### Exercise instructions
Below are records with pictures. Transcribe exactly, and only, the lines from the line with "Лицевая фурнитура с" to the line with "Measuring 32 cm", both ends included, but not the pictures.

### Data
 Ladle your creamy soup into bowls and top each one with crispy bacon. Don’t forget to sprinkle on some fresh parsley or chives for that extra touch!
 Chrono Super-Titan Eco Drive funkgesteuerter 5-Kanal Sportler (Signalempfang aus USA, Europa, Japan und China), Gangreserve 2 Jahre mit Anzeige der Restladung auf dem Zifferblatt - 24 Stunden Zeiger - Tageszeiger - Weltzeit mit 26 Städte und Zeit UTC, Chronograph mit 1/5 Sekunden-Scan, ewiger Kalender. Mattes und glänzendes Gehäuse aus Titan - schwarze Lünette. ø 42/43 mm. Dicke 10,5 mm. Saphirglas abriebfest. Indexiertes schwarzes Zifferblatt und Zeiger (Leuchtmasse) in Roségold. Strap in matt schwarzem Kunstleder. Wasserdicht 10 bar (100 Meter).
==
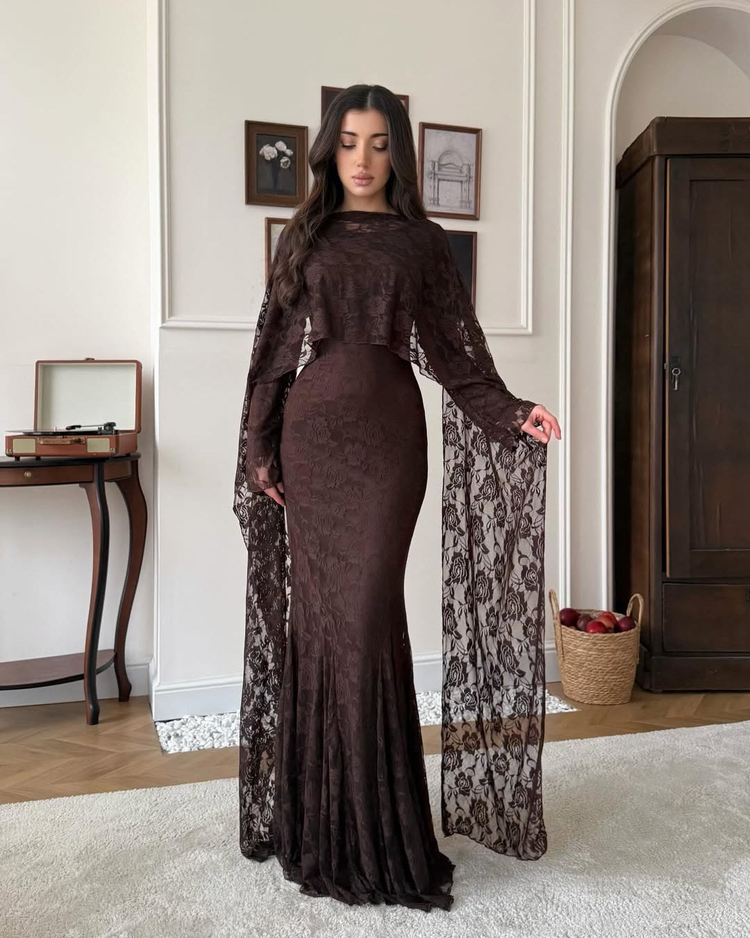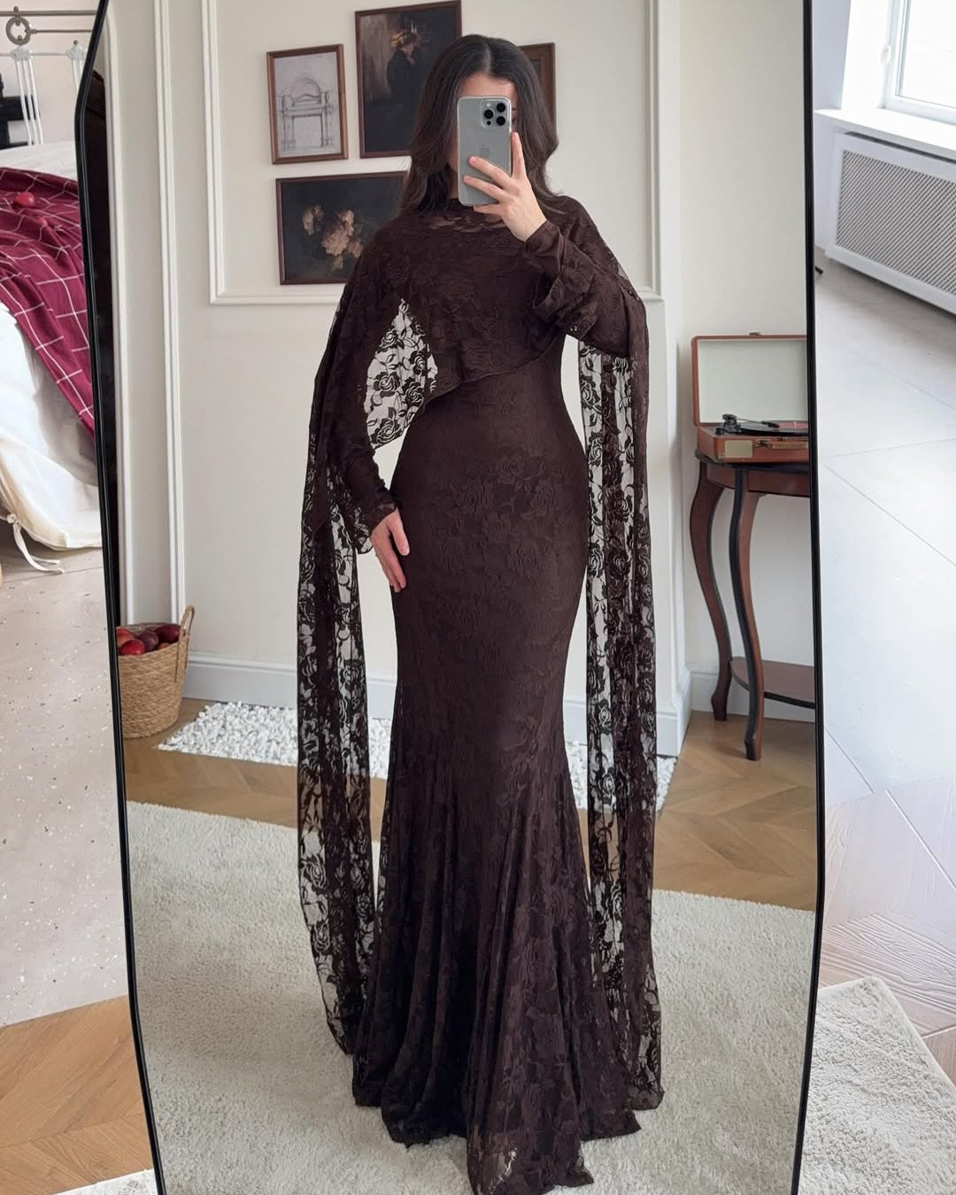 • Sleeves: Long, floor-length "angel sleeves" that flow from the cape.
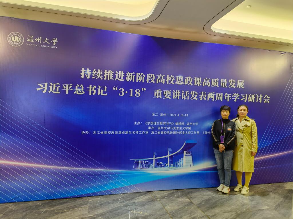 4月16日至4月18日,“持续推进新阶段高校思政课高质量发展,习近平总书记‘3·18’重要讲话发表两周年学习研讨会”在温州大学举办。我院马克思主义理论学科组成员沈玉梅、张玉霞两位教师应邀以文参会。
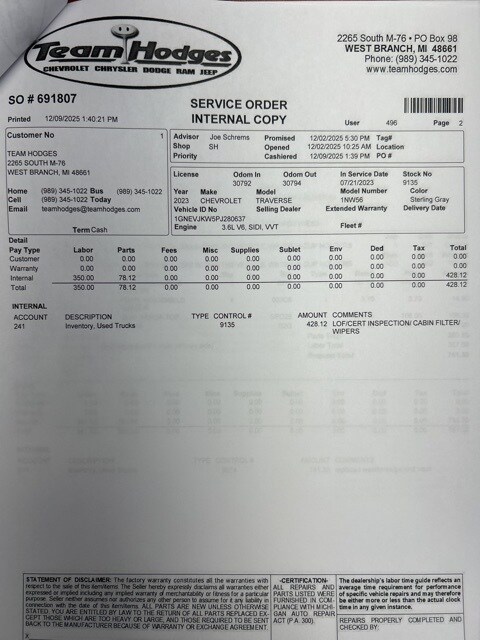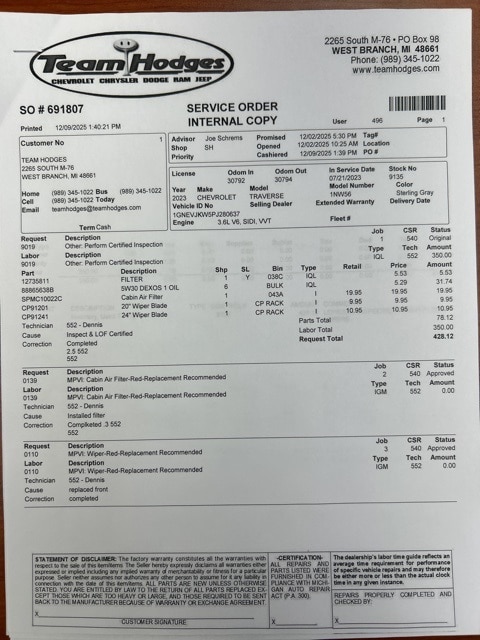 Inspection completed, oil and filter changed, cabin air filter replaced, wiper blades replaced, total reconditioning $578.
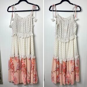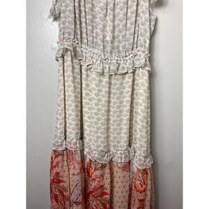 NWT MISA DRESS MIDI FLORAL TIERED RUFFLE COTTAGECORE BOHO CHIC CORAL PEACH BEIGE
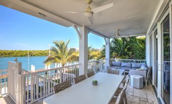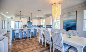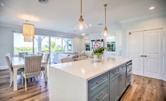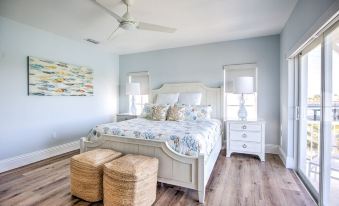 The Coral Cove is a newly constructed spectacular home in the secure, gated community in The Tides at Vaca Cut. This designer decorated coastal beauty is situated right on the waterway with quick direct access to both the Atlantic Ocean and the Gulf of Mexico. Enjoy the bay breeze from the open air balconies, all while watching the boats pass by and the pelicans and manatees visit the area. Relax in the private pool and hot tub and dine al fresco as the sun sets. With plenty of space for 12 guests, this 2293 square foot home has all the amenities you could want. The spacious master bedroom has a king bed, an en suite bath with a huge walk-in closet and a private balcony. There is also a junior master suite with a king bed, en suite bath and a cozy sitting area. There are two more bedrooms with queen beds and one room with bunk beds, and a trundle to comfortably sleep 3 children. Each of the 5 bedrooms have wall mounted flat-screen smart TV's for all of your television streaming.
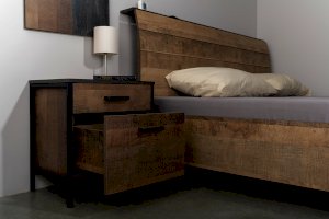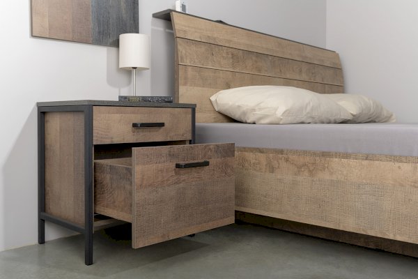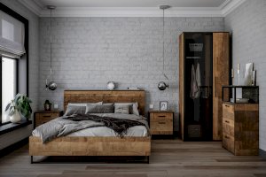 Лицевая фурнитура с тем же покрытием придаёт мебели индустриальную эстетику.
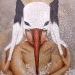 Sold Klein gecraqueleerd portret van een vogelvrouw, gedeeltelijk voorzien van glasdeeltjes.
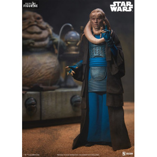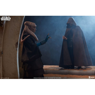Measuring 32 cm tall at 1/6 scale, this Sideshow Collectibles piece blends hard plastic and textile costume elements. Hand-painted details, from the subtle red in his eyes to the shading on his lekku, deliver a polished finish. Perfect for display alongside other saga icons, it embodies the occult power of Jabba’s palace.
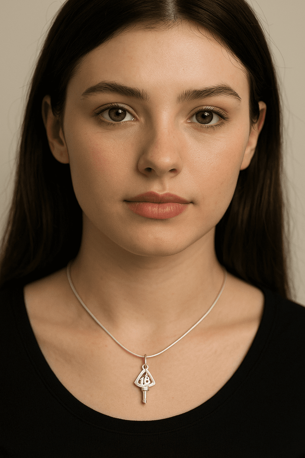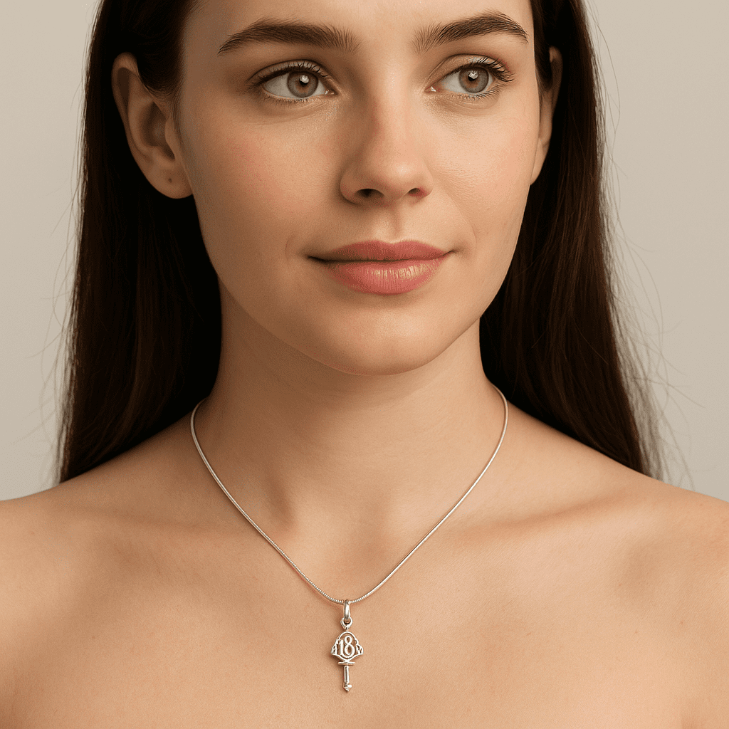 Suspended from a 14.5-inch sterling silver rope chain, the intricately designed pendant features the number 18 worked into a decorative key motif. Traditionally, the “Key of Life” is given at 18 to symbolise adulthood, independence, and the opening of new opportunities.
==
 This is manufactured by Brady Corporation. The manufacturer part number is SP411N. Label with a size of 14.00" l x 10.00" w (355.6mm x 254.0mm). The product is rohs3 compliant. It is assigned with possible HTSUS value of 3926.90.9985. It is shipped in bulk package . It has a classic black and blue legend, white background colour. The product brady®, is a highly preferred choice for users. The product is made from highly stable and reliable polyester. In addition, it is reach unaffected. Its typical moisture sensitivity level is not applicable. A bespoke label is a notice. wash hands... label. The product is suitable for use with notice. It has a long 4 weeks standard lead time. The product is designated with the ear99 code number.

### Response to this task
 Лицевая фурнитура с тем же покрытием придаёт мебели индустриальную эстетику.
 Sold Klein gecraqueleerd portret van een vogelvrouw, gedeeltelijk voorzien van glasdeeltjes.
Measuring 32 cm tall at 1/6 scale, this Sideshow Collectibles piece blends hard plastic and textile costume elements. Hand-painted details, from the subtle red in his eyes to the shading on his lekku, deliver a polished finish. Perfect for display alongside other saga icons, it embodies the occult power of Jabba’s palace.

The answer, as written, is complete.